Does this count as a stay-cay? I feel like no. It’s mostly just sounding sad. I promise, it’s not sad, and we’re totally just staying home because we want to! Every day we ask each other where we should go and what we should do that night, and then we both kind of laugh as if we’re too good for the world outside our doors, and then we both kind of cry because in reality people have totally stopped responding to our texts. Jk we’re fine we swear! *nervous laughter*

We also swear that we’ve eaten more than just this mandel bread this week. Admitedly not that much more, but hey, it’s freaking amazing. When Molly Yeh, who’s one of our absolute faaaaaaaaaavorite ladies of the foodwebz, sent us a little sneak peak of her forthcoming book Molly on on the Range, we were super stoked. Her recipe for mandel bread definitely stood out because the photography in this book is just *gorgeous* and we’re fans of any kind of bread, but it did leave us with a couple of questions like 1. What is mandel bread? 2. Why does it look so perfect? and 3. How fast can we eat it all? We did the hard work for you, and we have the answers, mmk? 1. Perfection in the form of a what is basically a sugar cookie bar, 2. See answer 1, and 3. VERY VERY FAST.

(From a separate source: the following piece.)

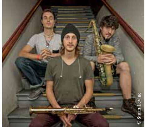
Moon Hooch, groupe de jazz fusion.

Tarifs : adhérent gratuit ; adhérent autres salles 8 € ; location 12 € ; sur place 14 €.

Okie doke, now we're off to go judge a fried chicken contest because we're obviously on a mission to see how much we can lower our life expectancy in one week! Recipe below, sweeties!

Mandel Bread with Marzipan and Sea Salt from Molly on the Range

Prep time: 15 minutes // cook time: 1 hour // makes 28(ish) cookies

  • 7 to 8 ounces marzipan
  • 1 tablespoon powdered sugar
  • 3¼ cups flour
  • 1 teaspoon baking powder
  • ¾ teaspoon kosher salt
  • 1 cup sugar
  • 1 cup flavorless oil
  • 3 large eggs
  • 2 teaspoons vanilla extract
  • ½ teaspoon almond extract
  • ½ cup cacao nibs or dark chocolate chips
  • Flaky sea salt, for sprinkling
  • Pearl sugar or sprinkles, for sprinkling
  1. Preheat the oven to 350ºF.
  2. Cut the marzipan into ½-inch pieces and toss with the powdered sugar. Set aside.
  3. In a medium bowl, whisk together the flour, baking powder, and salt.
  4. In a large bowl, whisk together the sugar and oil until combined. Whisk in the eggs one at a time, and then whisk in the vanilla and almond extract. Use a wooden spoon to gradually mix in the flour mixture, marzipan, and cacao nibs or chocolate chips. (This dough can be made the night before and stored in the refrigerator until ready to use.)
  5. Line a baking sheet with parchment paper. Divide the dough into 2 equal portions and place on the lined baking sheet. Mold the dough into two 14 x 3-inch rectangles about 3 inches apart. Sprinkle the tops with a few pinches of sea salt and pearl sugar or sprinkles.
  6. Bake until the centers are set and the bottoms are lightly browned, 25 to 30 minutes. Remove from the oven and reduce the oven temperature to 250ºF. Let the mandel bread cool slightly and then use a sharp serrated knife to cut crosswise into 1-inch-thick slices. Turn the slices on their sides and bake for 20 more minutes, or until desired crispness. Let cool slightly and enjoy with coffee, hot chocolate, or tea.